=== EXERCISE PROMPT ===
Please repeat the records exactly. The pictures are to be left out.

=== RECORDS FOR THE TASK ===

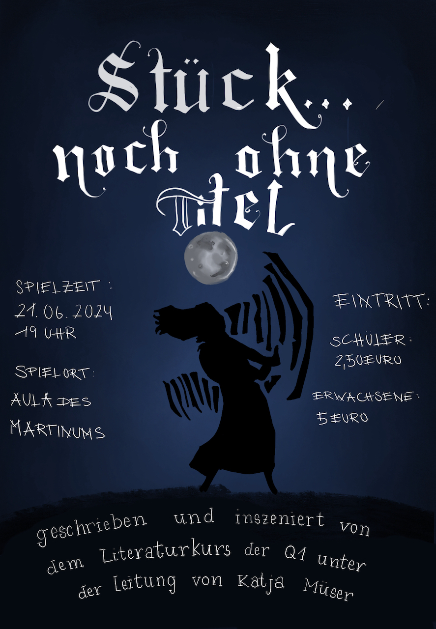 Am 21.6.2024 führt der Literaturkurs der Q1 unter der Leitung von Frau Müser sein "Stück ... noch ohne Titel" auf und freut sich über viele Besucher.
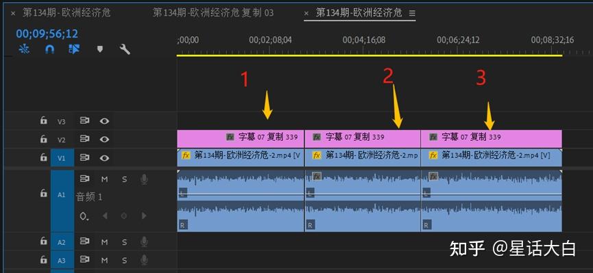 在分割成3个后,我们去左侧的项目区,点中这个序列,然后右键点击复制。
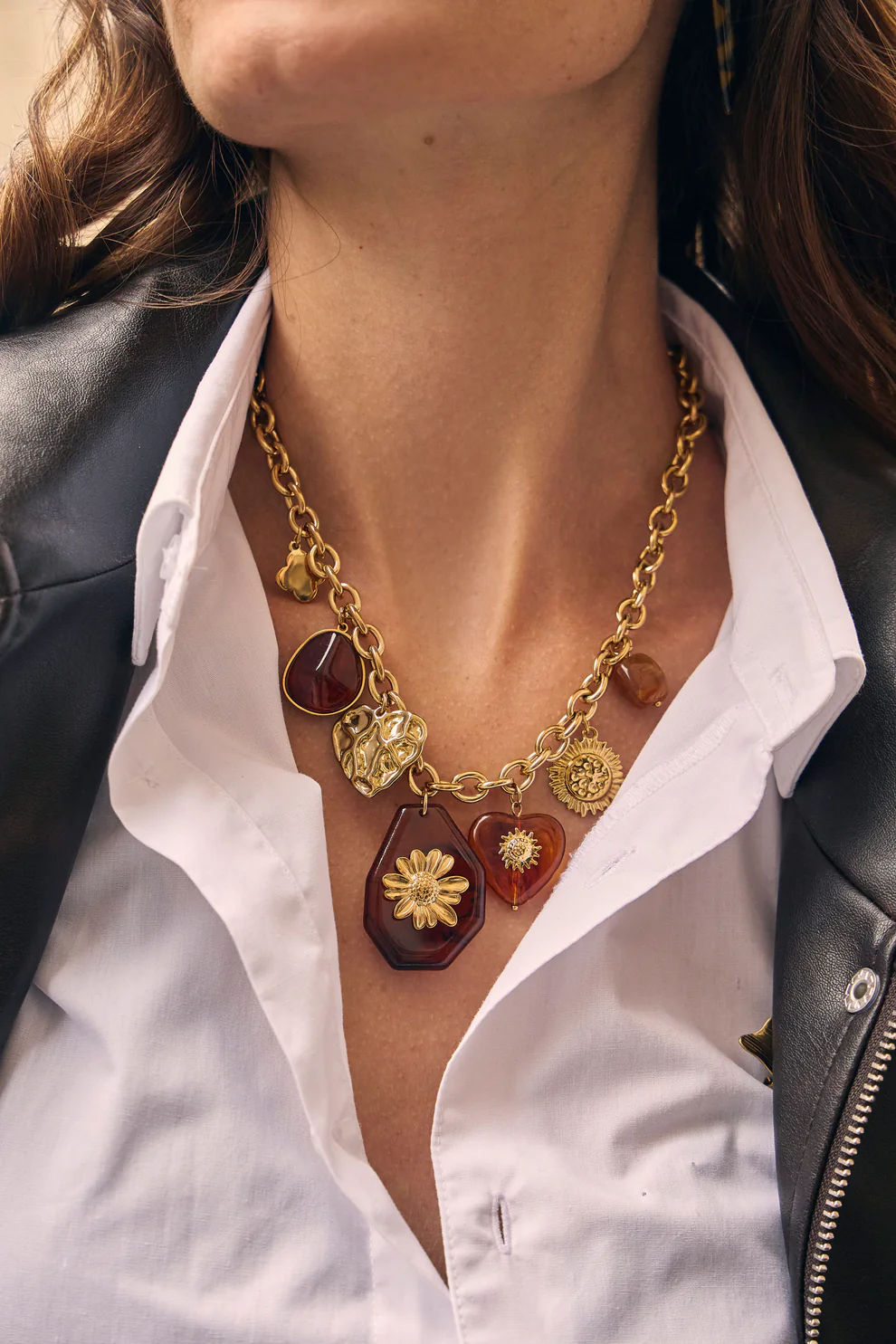 Collier chaîne dorée pendentifs doré et résine ambre motif fleur et cœur.
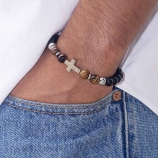 Pulseira elástica, pedra ónix e olho de tigre, crucifixo em aço inoxidável.
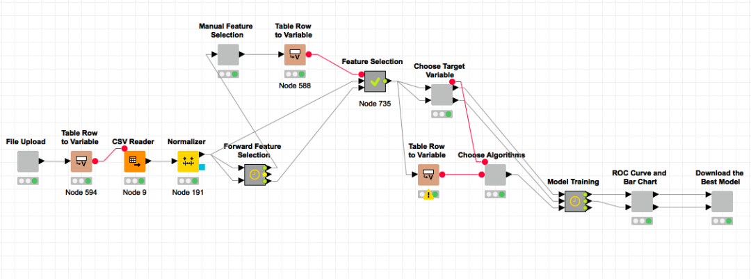 2. KNIME:KNIME允许您使用拖放界面创建整个数据科学工作流程。这种可视化实现整个模型工作流的方法非常直观,在处理复杂的问题陈述时非常有用。
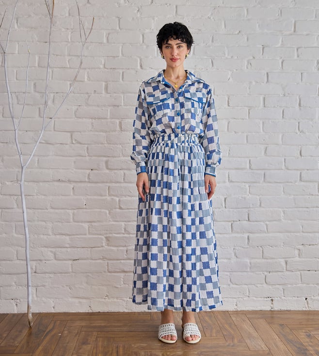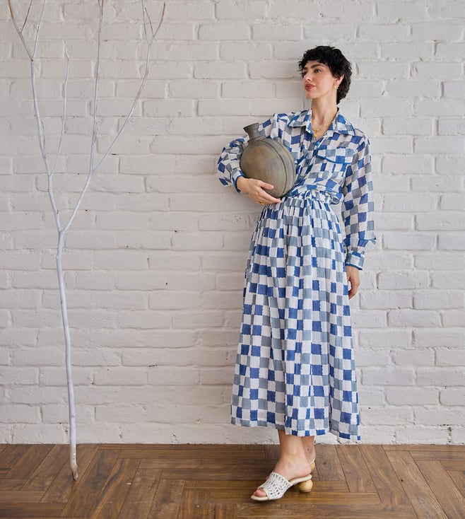 Blue & White Cotton Mulmul Block Printed Checks Dress
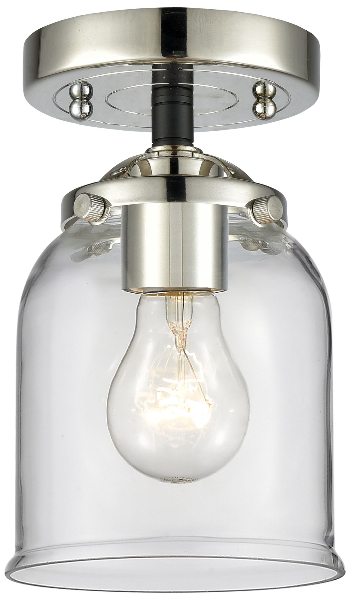 Nouveau Bell 5"W Black Polished Nickel Semi.Flush Mount w/ Clear Shade
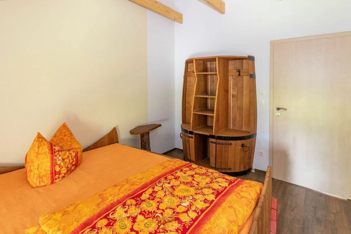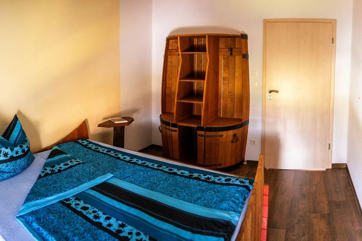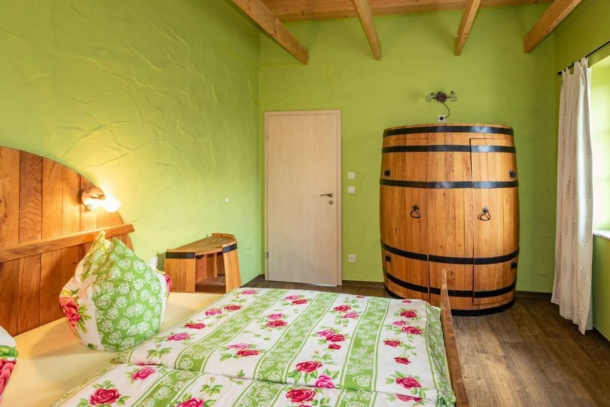 Schlafzimmer mit Schlafen mal anders im Weinfass, in allen Betten sind hochwertige Matrazen und die Doppel-Betten sind 2,00 m lang und 1,80 m breit; Kleiderschrank
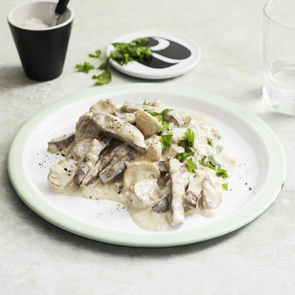 Wenn die Sauce schön cremig ist, die Champignons und die Seitanstreifen wieder zurück in die Pfanne geben und in der Sauce unter Rühren erhitzen. Die Seitan-Pilz-Mischung mit Salz und Pfeffer abschmecken. Die Petersilie waschen und trocken schütteln. Die Blättchen abzupfen, fein hacken und über das Seitan-Geschnetzelte streuen. Dazu schmecken Rösti oder Bandnudeln.
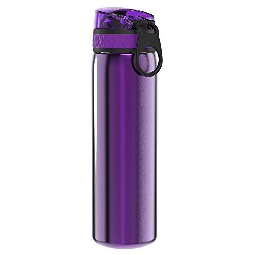 Ion8 - ايون8 زجاجة مياه رفيعة مانعة للتسرب من الستانلس ستيل، 600 مل (20 اونصة)، ارجواني
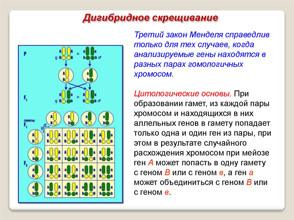 Дигибридное скрещиваниеТретий закон Менделя справедлив
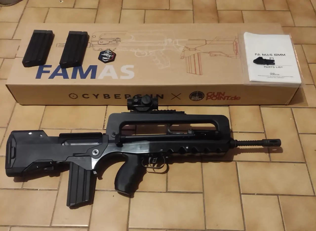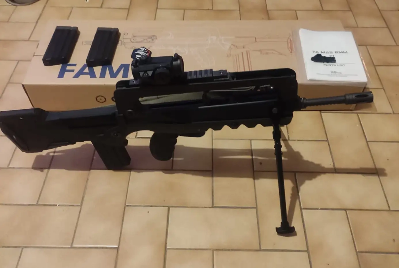 Il est vendu avec 3 chargeurs (6 followers pour passer les chargeurs en 33 coups au lieu de 25), la boite d'origine, les manuels, le patch Famas, une sangle RS des années 90, un rail picatinny en impression 3d Carbone (atelier GBBR) retouché à la dremel pour être plus bas et moins flexible. il y a également une pièce en impression 3D pour retirer le jeux du garde mains.
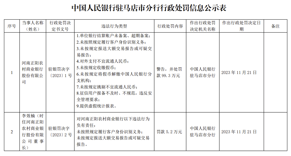 11月21日,中国人民银行驻马店市分行行政处罚信息公示表显示,2023年11月21日,河南正阳农村商业银行股份有限公司被警告,并处罚款99.3万元。违法行为类型为:1.单位银行结算账户未备案、超期备案;2.未按照规定履行客户身份识别义务;3.未按规定报送大额交易报告或可疑交易报告;4.对外支付不宜流通人民币;5.未按规定收缴假币;6.未按规定将假币解缴中国人民银行分支机构;7.未按规定挑剔不宜流通人民币;8.征信用户报备不及时、不规范,违反安全管理要求;9.提供虚假统计报表。
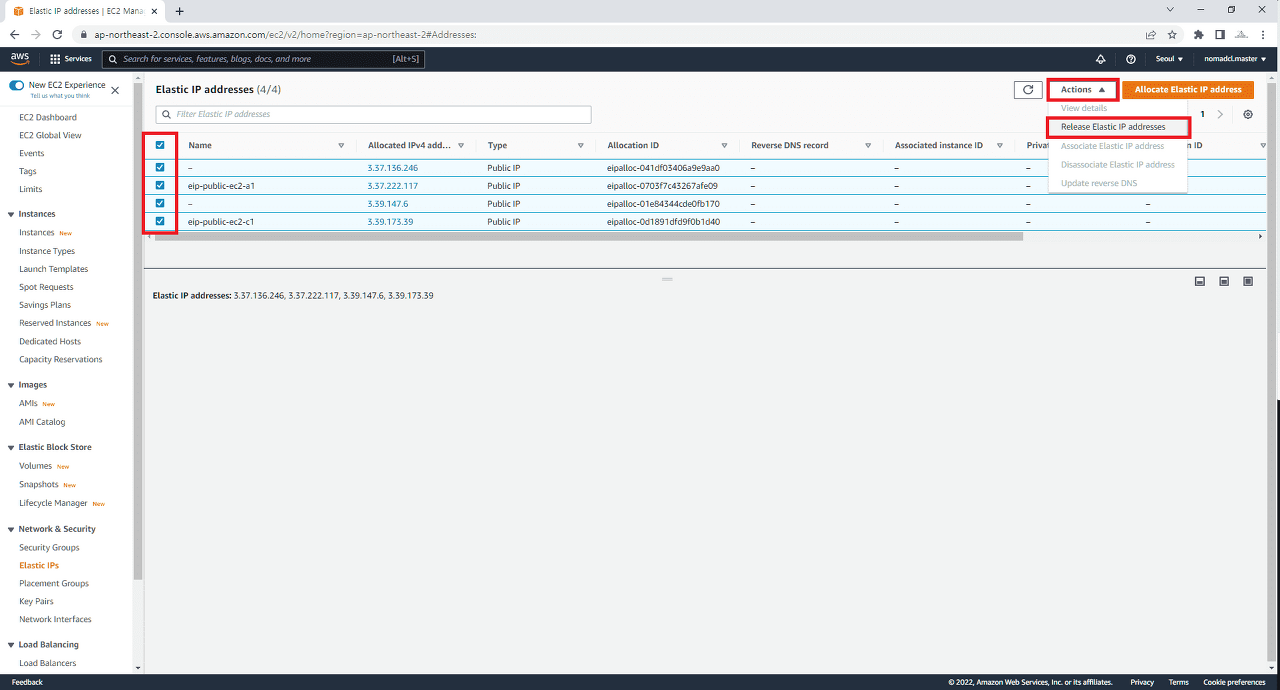 13. Elastic IP 삭제(Release)
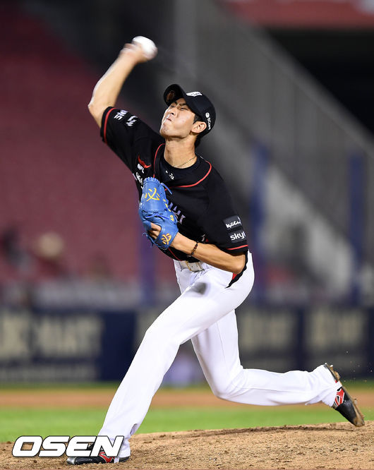 26일 오후 서울 잠실야구장에서 열린 2015 타이어뱅크 KBO 프로야구 LG 트윈스와 kt 위즈의 경기, 8회말 마운드에 오른 kt 김민수가 힘차게 공을 던지고 있다.
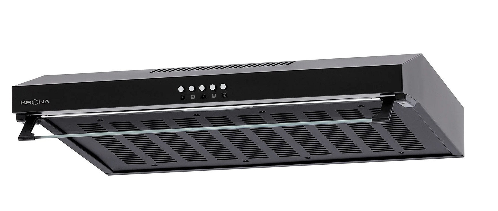 - Krona OSTEN 600 оснащена антивозвратным клапаном, который автоматически открывается при работе вытяжки, пропуская загрязненный воздух в вентиляционный канал, и закрывается после выключения прибора, предотвращая обратный поток воздуха, посторонние запахи, пыль и холод из общей шахты или с улицы.

=== ANSWER SECTION ===
 Am 21.6.2024 führt der Literaturkurs der Q1 unter der Leitung von Frau Müser sein "Stück ... noch ohne Titel" auf und freut sich über viele Besucher.
 在分割成3个后,我们去左侧的项目区,点中这个序列,然后右键点击复制。
 Collier chaîne dorée pendentifs doré et résine ambre motif fleur et cœur.
 Pulseira elástica, pedra ónix e olho de tigre, crucifixo em aço inoxidável.
 2. KNIME:KNIME允许您使用拖放界面创建整个数据科学工作流程。这种可视化实现整个模型工作流的方法非常直观,在处理复杂的问题陈述时非常有用。
 Blue & White Cotton Mulmul Block Printed Checks Dress
 Nouveau Bell 5"W Black Polished Nickel Semi.Flush Mount w/ Clear Shade
 Schlafzimmer mit Schlafen mal anders im Weinfass, in allen Betten sind hochwertige Matrazen und die Doppel-Betten sind 2,00 m lang und 1,80 m breit; Kleiderschrank
 Wenn die Sauce schön cremig ist, die Champignons und die Seitanstreifen wieder zurück in die Pfanne geben und in der Sauce unter Rühren erhitzen. Die Seitan-Pilz-Mischung mit Salz und Pfeffer abschmecken. Die Petersilie waschen und trocken schütteln. Die Blättchen abzupfen, fein hacken und über das Seitan-Geschnetzelte streuen. Dazu schmecken Rösti oder Bandnudeln.
 Ion8 - ايون8 زجاجة مياه رفيعة مانعة للتسرب من الستانلس ستيل، 600 مل (20 اونصة)، ارجواني
 Дигибридное скрещиваниеТретий закон Менделя справедлив
 Il est vendu avec 3 chargeurs (6 followers pour passer les chargeurs en 33 coups au lieu de 25), la boite d'origine, les manuels, le patch Famas, une sangle RS des années 90, un rail picatinny en impression 3d Carbone (atelier GBBR) retouché à la dremel pour être plus bas et moins flexible. il y a également une pièce en impression 3D pour retirer le jeux du garde mains.
 11月21日,中国人民银行驻马店市分行行政处罚信息公示表显示,2023年11月21日,河南正阳农村商业银行股份有限公司被警告,并处罚款99.3万元。违法行为类型为:1.单位银行结算账户未备案、超期备案;2.未按照规定履行客户身份识别义务;3.未按规定报送大额交易报告或可疑交易报告;4.对外支付不宜流通人民币;5.未按规定收缴假币;6.未按规定将假币解缴中国人民银行分支机构;7.未按规定挑剔不宜流通人民币;8.征信用户报备不及时、不规范,违反安全管理要求;9.提供虚假统计报表。
 13. Elastic IP 삭제(Release)
 26일 오후 서울 잠실야구장에서 열린 2015 타이어뱅크 KBO 프로야구 LG 트윈스와 kt 위즈의 경기, 8회말 마운드에 오른 kt 김민수가 힘차게 공을 던지고 있다.
 - Krona OSTEN 600 оснащена антивозвратным клапаном, который автоматически открывается при работе вытяжки, пропуская загрязненный воздух в вентиляционный канал, и закрывается после выключения прибора, предотвращая обратный поток воздуха, посторонние запахи, пыль и холод из общей шахты или с улицы.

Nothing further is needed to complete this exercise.